Le 29 février 1872, le Marie-Thérèse, un trois-mâts français de 503 tonneaux en provenance de Bordeaux, s’échoue sur un haut-fond dans le détroit de Gaspar en Indonésie. Il transporte une cargaison destinée aux colons d’Indochine et qui se compose de vaisselle, de pipes, d’encriers, de photophores, de coffres-forts, de vin, de champagne, de Marie-Brizard, de Malaga et de 503 bouteilles d’absinthe des marques Pernod Fils et Edouard Pernod Couvet.
En 1991, une équipe de plongeurs et d’archéologues découvre l’épave et s’emploie à en sortir tous les objets.
Si une petite partie des bouteilles de Bordeaux, de champagne, de Madère et de Malaga étaient encore pleines, celles d’absinthe étaient vides.
La bouteille d’absinthe porte au bas de son col le sceau de Pernod Fils en relief. Le bouchon git au fond de la bouteille : le flacon n’a pas été ouvert par les archéologues mais par la pression que la mer a exercée pendant cent vingt ans.
Aubaine pour les historiens, la découverte de cette épave révèle l’importance des échanges avec les colonies pour le commerce européen.
Pour l’histoire neuchâteloise, ces 503 bouteilles d’absinthe des deux maisons Pernod, dont deux ont été offertes au musée de Môtiers par les archéologues vaudois, reflètent une réalité dont on a peine aujourd’hui à imaginer l’ampleur, celle d’une production et d’une diffusion considérable de l’absinthe du Val-de-Travers On la trouvait dans tous les continents, en particulier là où la France possédait des colonies.

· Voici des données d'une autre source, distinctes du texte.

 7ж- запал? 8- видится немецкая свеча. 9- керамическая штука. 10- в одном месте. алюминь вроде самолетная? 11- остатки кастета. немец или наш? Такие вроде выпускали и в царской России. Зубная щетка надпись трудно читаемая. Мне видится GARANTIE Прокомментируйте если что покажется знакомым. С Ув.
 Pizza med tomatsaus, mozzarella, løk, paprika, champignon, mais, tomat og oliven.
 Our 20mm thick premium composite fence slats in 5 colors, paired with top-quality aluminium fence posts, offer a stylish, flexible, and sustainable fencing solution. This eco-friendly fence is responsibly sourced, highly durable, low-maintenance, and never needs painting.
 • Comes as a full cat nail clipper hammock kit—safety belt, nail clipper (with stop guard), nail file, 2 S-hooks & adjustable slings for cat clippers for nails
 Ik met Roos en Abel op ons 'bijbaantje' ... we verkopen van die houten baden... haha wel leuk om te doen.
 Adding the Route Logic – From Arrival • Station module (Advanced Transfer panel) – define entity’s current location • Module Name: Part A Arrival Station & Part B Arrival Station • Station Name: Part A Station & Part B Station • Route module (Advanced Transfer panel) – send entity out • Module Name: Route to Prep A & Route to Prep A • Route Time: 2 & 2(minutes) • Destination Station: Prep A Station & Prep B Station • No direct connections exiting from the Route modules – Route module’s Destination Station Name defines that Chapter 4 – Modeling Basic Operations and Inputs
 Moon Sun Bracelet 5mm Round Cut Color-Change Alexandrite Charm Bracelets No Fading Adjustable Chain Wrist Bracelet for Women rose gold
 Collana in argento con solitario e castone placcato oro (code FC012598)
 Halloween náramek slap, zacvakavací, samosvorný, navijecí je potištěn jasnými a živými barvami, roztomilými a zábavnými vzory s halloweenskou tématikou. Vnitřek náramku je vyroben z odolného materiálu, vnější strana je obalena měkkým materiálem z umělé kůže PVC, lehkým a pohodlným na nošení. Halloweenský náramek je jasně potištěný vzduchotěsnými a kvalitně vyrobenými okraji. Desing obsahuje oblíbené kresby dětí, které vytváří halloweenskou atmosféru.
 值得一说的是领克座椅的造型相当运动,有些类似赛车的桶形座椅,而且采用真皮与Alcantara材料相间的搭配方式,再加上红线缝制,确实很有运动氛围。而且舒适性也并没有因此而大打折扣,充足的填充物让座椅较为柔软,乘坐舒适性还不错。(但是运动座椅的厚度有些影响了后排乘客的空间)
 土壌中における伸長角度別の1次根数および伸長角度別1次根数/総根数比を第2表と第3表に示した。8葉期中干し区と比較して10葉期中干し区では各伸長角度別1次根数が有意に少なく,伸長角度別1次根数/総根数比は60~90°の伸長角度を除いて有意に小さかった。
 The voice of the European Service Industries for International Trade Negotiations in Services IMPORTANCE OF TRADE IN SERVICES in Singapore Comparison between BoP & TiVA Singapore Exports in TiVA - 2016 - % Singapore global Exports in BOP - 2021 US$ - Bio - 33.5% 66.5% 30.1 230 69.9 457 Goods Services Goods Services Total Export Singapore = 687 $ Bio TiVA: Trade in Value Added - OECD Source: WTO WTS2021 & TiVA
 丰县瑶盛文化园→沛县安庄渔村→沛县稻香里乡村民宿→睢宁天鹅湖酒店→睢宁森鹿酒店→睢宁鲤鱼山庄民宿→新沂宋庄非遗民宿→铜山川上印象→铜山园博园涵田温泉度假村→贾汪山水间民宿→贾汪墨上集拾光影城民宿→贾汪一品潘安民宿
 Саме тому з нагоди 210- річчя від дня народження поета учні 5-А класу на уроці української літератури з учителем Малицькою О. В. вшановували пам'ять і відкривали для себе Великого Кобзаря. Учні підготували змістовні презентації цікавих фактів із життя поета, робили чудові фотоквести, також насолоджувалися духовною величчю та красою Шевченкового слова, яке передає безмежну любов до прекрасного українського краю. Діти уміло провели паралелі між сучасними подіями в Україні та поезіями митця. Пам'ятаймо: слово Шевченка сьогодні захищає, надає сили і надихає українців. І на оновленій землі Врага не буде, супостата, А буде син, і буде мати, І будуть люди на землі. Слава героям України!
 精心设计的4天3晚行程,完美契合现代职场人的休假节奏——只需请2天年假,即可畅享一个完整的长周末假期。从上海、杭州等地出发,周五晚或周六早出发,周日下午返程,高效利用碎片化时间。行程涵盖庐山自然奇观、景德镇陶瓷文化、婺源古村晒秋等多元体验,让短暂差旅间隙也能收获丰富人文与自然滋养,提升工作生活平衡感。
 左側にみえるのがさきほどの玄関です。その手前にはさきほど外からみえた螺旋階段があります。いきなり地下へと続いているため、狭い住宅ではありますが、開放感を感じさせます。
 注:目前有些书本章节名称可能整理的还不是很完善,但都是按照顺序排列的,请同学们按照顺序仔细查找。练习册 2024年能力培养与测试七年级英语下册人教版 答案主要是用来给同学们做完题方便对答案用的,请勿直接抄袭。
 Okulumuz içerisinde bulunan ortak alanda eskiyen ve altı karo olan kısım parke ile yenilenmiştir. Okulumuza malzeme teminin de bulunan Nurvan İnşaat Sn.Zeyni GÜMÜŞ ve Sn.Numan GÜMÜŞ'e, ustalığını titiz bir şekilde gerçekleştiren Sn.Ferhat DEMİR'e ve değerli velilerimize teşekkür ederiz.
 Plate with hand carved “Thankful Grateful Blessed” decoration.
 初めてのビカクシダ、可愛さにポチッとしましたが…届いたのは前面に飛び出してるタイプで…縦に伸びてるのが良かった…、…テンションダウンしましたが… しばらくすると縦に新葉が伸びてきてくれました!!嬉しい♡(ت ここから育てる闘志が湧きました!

Des cartes postales du Maroc, d’Algérie, de Madagascar ou d’Indochine montrent des scènes de rues où les murs portent des publicités pour les absinthes Pernod, Berger, Rivoire, Terminus.
Jay, Evelyne, L’épave du Marie-Thérèse – le temps ressuscité, Lausanne : Pentagon SA, 1992.
Delachaux, Pierre-André, L’absinthe – arôme d’apocalypse, Hauterive : Gilles Attinger, 1991.